Word of Mouth: let’s talk about it

Remember the last time you had a great experience with a product or service and had to tell your friends about it? It might have been your new phone, an app or a recently opened coffee shop. Whether you talked about it in a random conversation or recommended it when asked by your close ones, this is the word-of-mouth (WOM).

Word of Mouth represents a recommendation coming from one person to another. 

Why is Word of Mouth important?

There are a few reasons actually:

  • It represents the most powerful form of advertising

According to a Nielsen study, 83% of the respondents trust recommendations from friends and family more than any other source. 

  • It doesn’t stop after the first interaction

One good recommendation can create a chain of positive feedback that can spread fast. Making it a great vehicle for exposure and distribution. Unfortunately, this is true for the bad ones as well.

  •  It’s free

Companies spend 70% of their digital budget on Google, Facebook and Amazon. This means stronger competition and more power for the FAANG family. On the other side, Word Of Mouth is free. If the customers have a good experience with your product or service they will recommend it to their friends and family. 

How to measure Word Of Mouth

Word of Mouth is hard to measure because it happens mostly outside the channels tracked by companies.

We usually share our opinions face to face or through dark social (untracked communication channels like messengers, text messages or email). 

Regardless, people have tried different methods:

  • NPS

The notorious metric made famous by Frederick F. Reichheld in his famous article from Harvard Business Review – “The One Number You Need to Grow” is probably the most popular way people try to measure WOM. The author claimed that the NPS is strongly correlated with repeated purchases and referrals. Later studies show it isn’t. The main reason is that it tries to predict future behavior. It’s a big difference between what users say they will do in the future and what they will eventually do. Imagine asking a study participant one single question: “Are you going to give up alcohol?”.

  • Attribution Surveys

Basically asking people how they heard about the product. This solution is not perfect either. Surveys have a low response rate and people answering them are different from the ones that do not. The opinions of those that choose not to answer are equally important.

  • Social Listening Tools 

Crawling social platforms and the web in order to track mentions and engagement. These also miss dark social and offline word of mouth, but are more close to an actual recommendation. Unfortunately there is a lot of noise (like marketers promoting their products and services) that makes it inaccurate.

  • Word of Mouth Coefficient 

Defined by Yousuf Bhaijee from Reforge, the WOM Coefficient is the number of new organic users divided by active users (returning users + non-organic new users). For now, it seems to be the most accurate method for measuring WOM.
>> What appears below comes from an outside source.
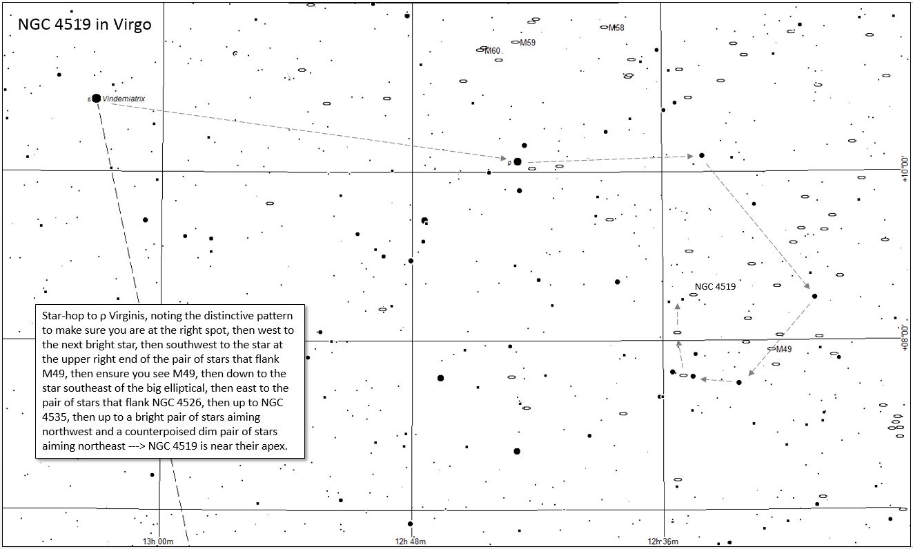 Early in the evening, high clouds drifted around the sky and interfered with the view, during the time when I observed this galaxy. The sky may still have had a touch of twilight when I first began to search for it. After several attempts, I was able to detect this galaxy using averted vision; one of the things I had to do was go from 76x up to 123x and wait for the Moon to be covered by clouds to suppress some of the light pollution. I could not make out any details or structure, just a faint hazy spot in the correct location. |
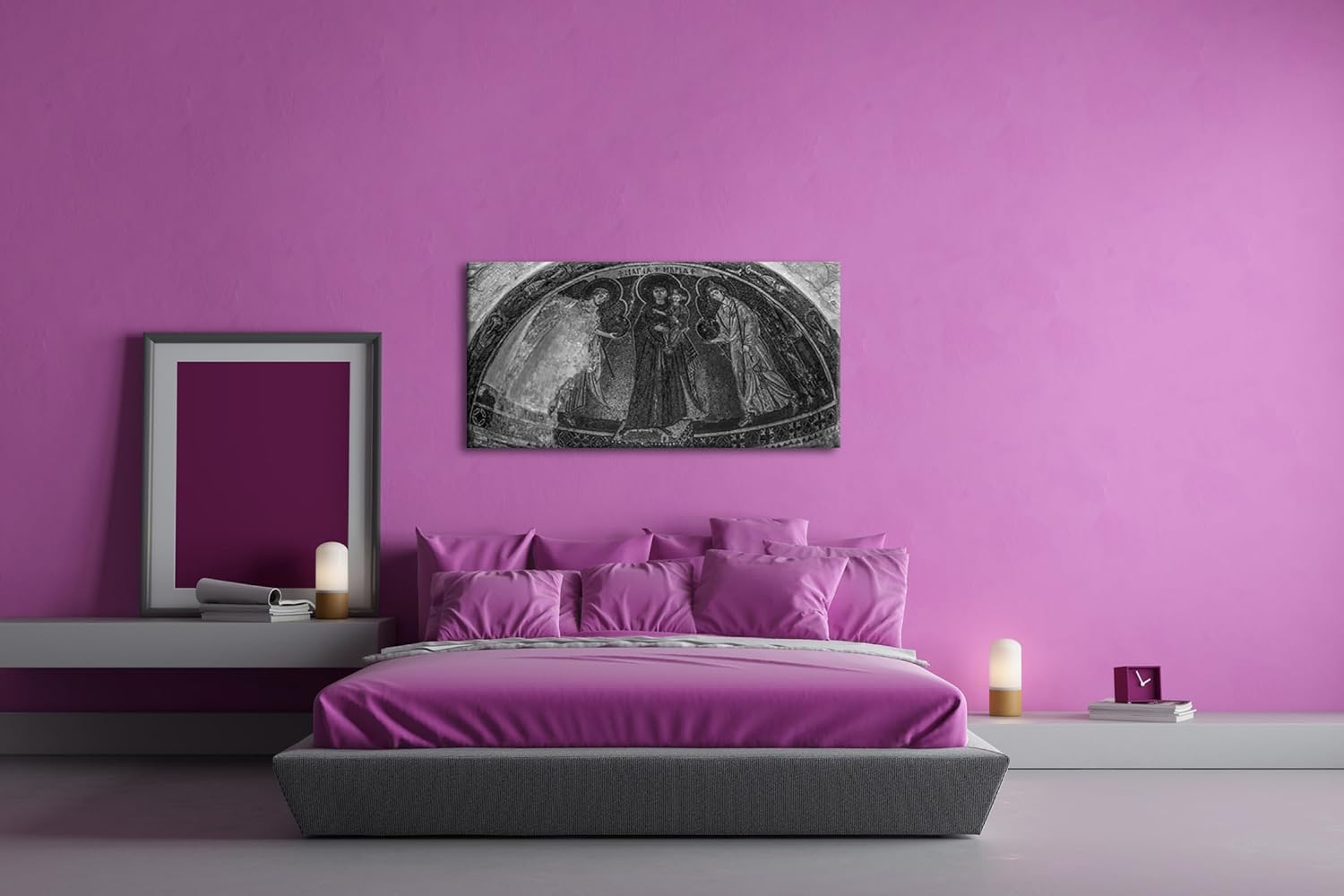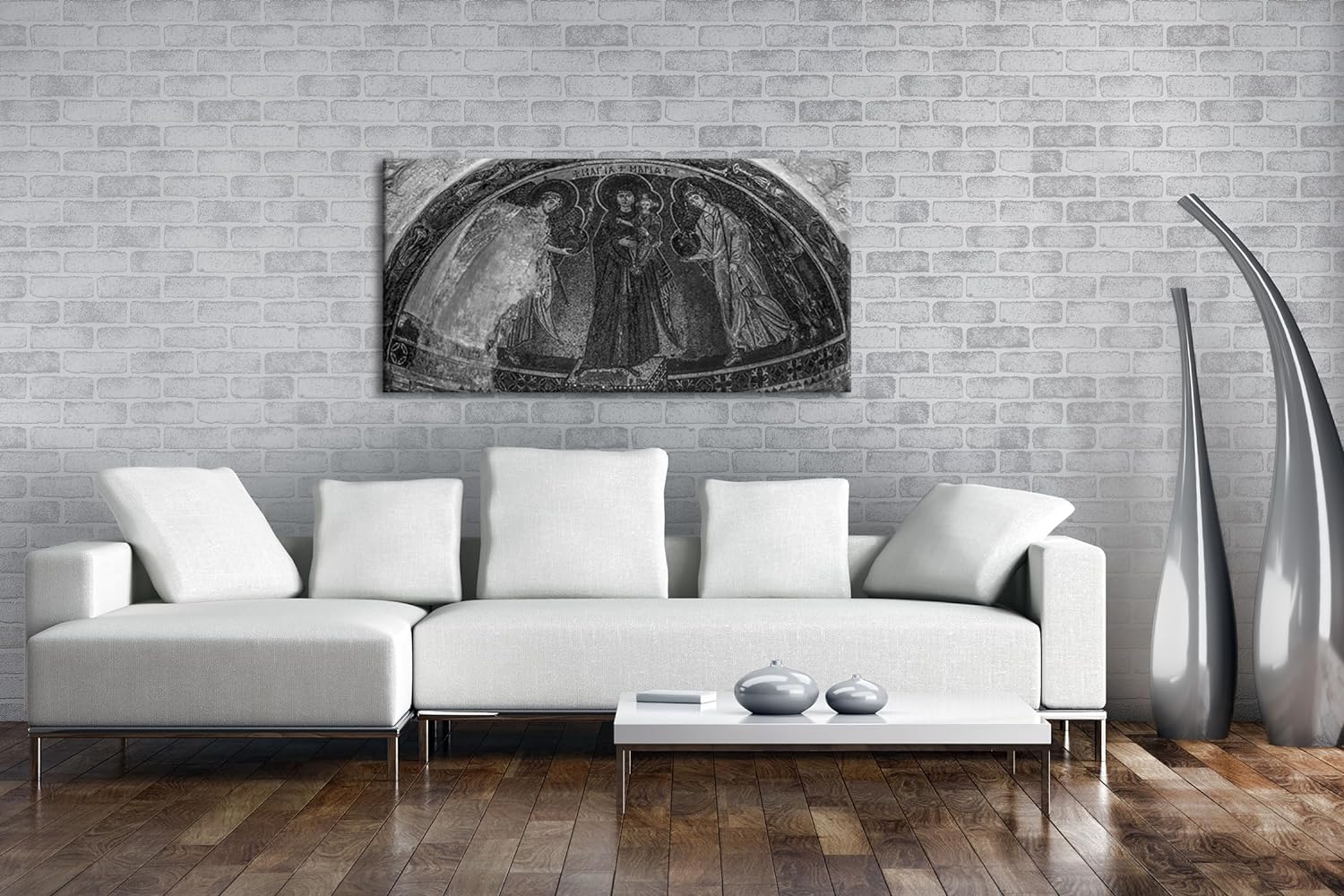 Historische Architektur des Christentums Panorama 80x40 cm Effekt: Schwarz/Weiss als Leinwandbild, M

For example, if the denominator of your WOM Coefficient is WAU (Weekly Active uUsers), and the coefficient is 0.1, that means every WAU generates 0.1 new users per week via Word Of Mouth.  Or in simpler terms, for every 10 weekly active users, they will generate 1 new user via word of mouth.


Word Of Mouth Coefficient formula


The Word of Mouth has two components:

New Organic Users = first time product users that cannot be tracked. They are considered to be driven by word of mouth.

Active Users = everyone else (returning users + organic new users). The time period depends on the retention metric. For most products it is typically Daily, Weekly, or Monthly Active user.